Description of the task
Images should not appear in the copy, yet every line of the listing below must be printed exactly.

Data below
----------------------------------------
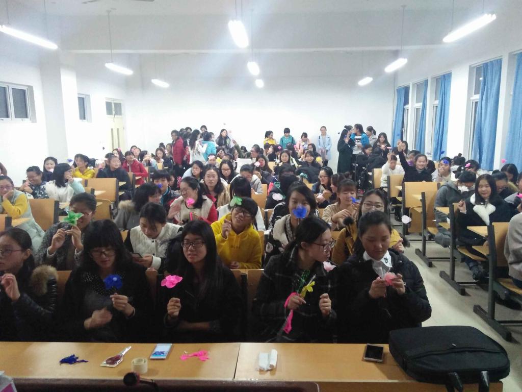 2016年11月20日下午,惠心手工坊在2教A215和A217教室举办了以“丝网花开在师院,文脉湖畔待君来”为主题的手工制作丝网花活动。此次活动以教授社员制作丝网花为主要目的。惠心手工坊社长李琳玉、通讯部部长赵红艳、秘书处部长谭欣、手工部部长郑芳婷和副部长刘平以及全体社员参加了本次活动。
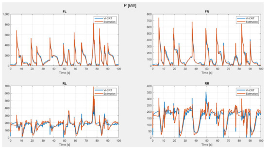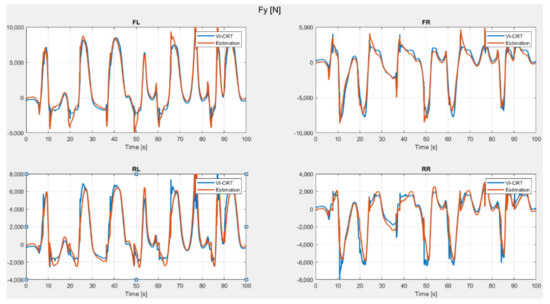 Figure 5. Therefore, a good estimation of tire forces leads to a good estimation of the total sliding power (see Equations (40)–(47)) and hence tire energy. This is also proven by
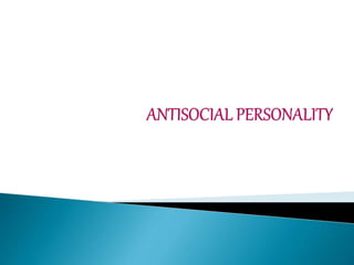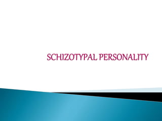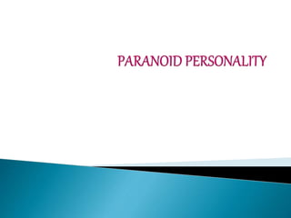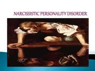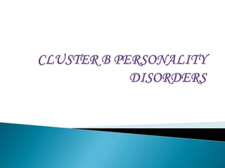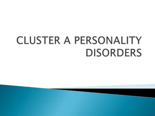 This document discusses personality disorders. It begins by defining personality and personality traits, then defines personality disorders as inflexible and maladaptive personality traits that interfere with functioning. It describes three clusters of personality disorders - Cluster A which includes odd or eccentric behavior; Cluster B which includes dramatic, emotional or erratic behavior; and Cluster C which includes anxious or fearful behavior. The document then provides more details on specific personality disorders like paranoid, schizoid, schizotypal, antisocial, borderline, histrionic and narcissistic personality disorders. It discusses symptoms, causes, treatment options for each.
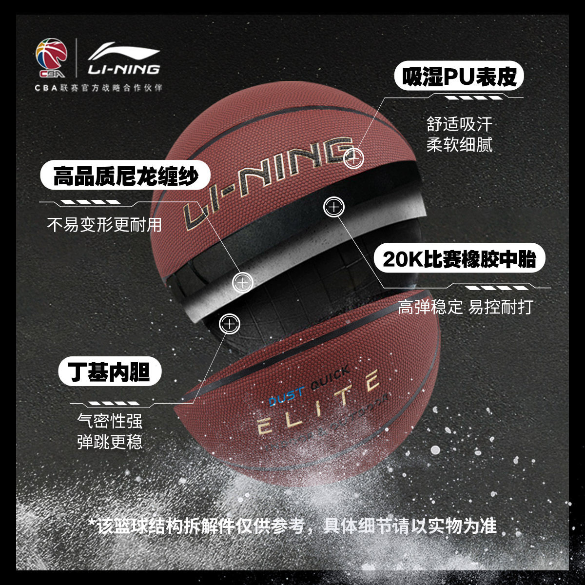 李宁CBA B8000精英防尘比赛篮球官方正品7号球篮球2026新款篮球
----------------------------------------
Solved exercise
 2016年11月20日下午,惠心手工坊在2教A215和A217教室举办了以“丝网花开在师院,文脉湖畔待君来”为主题的手工制作丝网花活动。此次活动以教授社员制作丝网花为主要目的。惠心手工坊社长李琳玉、通讯部部长赵红艳、秘书处部长谭欣、手工部部长郑芳婷和副部长刘平以及全体社员参加了本次活动。
 Figure 5. Therefore, a good estimation of tire forces leads to a good estimation of the total sliding power (see Equations (40)–(47)) and hence tire energy. This is also proven by
 This document discusses personality disorders. It begins by defining personality and personality traits, then defines personality disorders as inflexible and maladaptive personality traits that interfere with functioning. It describes three clusters of personality disorders - Cluster A which includes odd or eccentric behavior; Cluster B which includes dramatic, emotional or erratic behavior; and Cluster C which includes anxious or fearful behavior. The document then provides more details on specific personality disorders like paranoid, schizoid, schizotypal, antisocial, borderline, histrionic and narcissistic personality disorders. It discusses symptoms, causes, treatment options for each.
 李宁CBA B8000精英防尘比赛篮球官方正品7号球篮球2026新款篮球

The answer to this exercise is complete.